Mr. Dial bowed to the force of Senatorial opinion: “Not having made the speech with any intent to offend anybody, I withdraw it from the record.”*

“Thank God for the expression he has made,” cried Mr. Smith.

Then matters calmed down on the floor. The speech no longer “existed.” To be sure, many copies of the Congressional Record had been printed carrying it. Many press accounts had gone out.

But demands for copies of the speech began to come to Senators, many from the South. They were obliged in most cases to say that copies could not be had, which was true. But such answers were not likely to appease their constituents who may have suspected that the Senators wished to suppress the document. The National Republican, organ of the Republican Party, printed the speech almost in full. It was reported that the Republicans were planning to print and distribute a million copies of the document. The result is likely to be a much greater hearing for Mr. Dial’s withdrawn remarks than ever they would have received in the ordinary course of events.

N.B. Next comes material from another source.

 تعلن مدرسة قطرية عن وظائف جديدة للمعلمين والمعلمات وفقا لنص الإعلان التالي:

* Extracts from the speech as printed before suppression in the Congressional Record:

“It is time for us Democrats here to be facing the music. There is no sense or manhood or sportsmanship in trying to find excuses and explanations, in whimpering that the people have been deceived or bought; that the organization of the Republicans is invincible; that what worn and stale stump-speech slang calls ‘the interests’ are too strong or our foes too cunning for us, or in raking about for stray scraps of comfort or loose fragments of rainbow hopes here and there—mostly there. We have been beaten in two successive general elections by huge and increasing majorities. Either the people are wrong or we Democrats here in Congress who have made the record for our party the last four years are wrong. From that direct issue there is no escape. For one, I confess myself deeply shamed and moved to searching of my own conscience and review of my own conduct here and diligent study of the course of the Democrats of the two Houses when I read in the newspapers constantly that customers are rushing to Wall Street to buy stocks, feeling assured of safety and prosperity by the fact that the Democratic Party has been beaten by 7,000,000 majority; that throughout the country business men are rejoicing in promise of a great year ahead following our overwhelming rebuff and rebuke. … If we do not see it and know it, we have less understanding and perception than the ostrich, the strategy of which bird is not considered to be sagacious.

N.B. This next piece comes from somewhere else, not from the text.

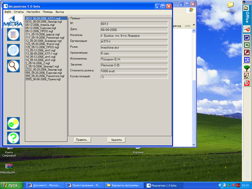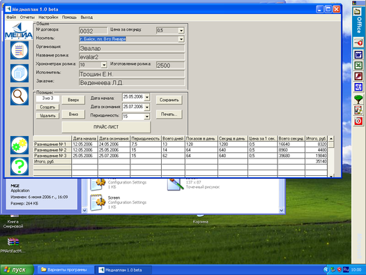 Режим «Создать» применяется для создания договоров. При создании договора требуется ввести данные в поля программы. Сначала заполняются поля группы «Общее» (вверху окна программы). Заполнение всех полей этой группы обязательно, иначе сохранение договора невозможно. Имеется всплывающая подсказка, объясняющая назначение каждого поля. Далее заполняются поля группы «Позиции». Выбираются нужные даты начала и окончания проката ролика при помощи встроенного всплывающего календаря. Устанавливается нужная периодичность выхода ролика в минутах. Все изменения будут видны в таблице. Программа позволяет при необходимости иметь несколько позиций в одном договоре. При нажатии кнопки «Создать» в группе «Позиции» создается новая позиция. Для редактирования созданных позиций можно воспользоваться кнопками «Вверх» и «Вниз». Номер текущей позиции и общее количество позиций отображается слева. Для удаления позиции нужно перейти на последнюю позицию и нажать на кнопку «Удалить». Для сохранения договора щелкните по кнопке «Сохранить» - договор сохранится в папку «MGFiles» в формате «дата заключения договора_имя организации.mgf». Для вывода договора на печать используется кнопка «Печать». Для просмотра прайс-листа компании используется кнопка «Прайс-лист».

“It is a mortifying, bitter truth that the quiet and close thinker in the White House, just elected President as the Republican nominee, is a better Democrat in many essentials, more in accord with the foundation principles of the Democratic Party, than many men who have obtained high and honorable places as ostensible Democrats.

“I, for one, believe the same ethics and rules of honor we observe in our personal conduct should govern us in politics. Some of us on this side of the Chamber have been abetting and urging sabotage and apparently expecting the admiration and applause of the American people for the brilliancy of the performance. The people have neither applauded nor approved. We have incurred along with the sting of defeat the more bitter sting of contempt.”

* By this request, the speech was withdrawn from the official minutes. To be sure, these minutes (i.e., the Congressional Record) had already been printed. In the official copy kept by the Senate the speech will be deleted, and in all reprints of the Record the speech will not appear.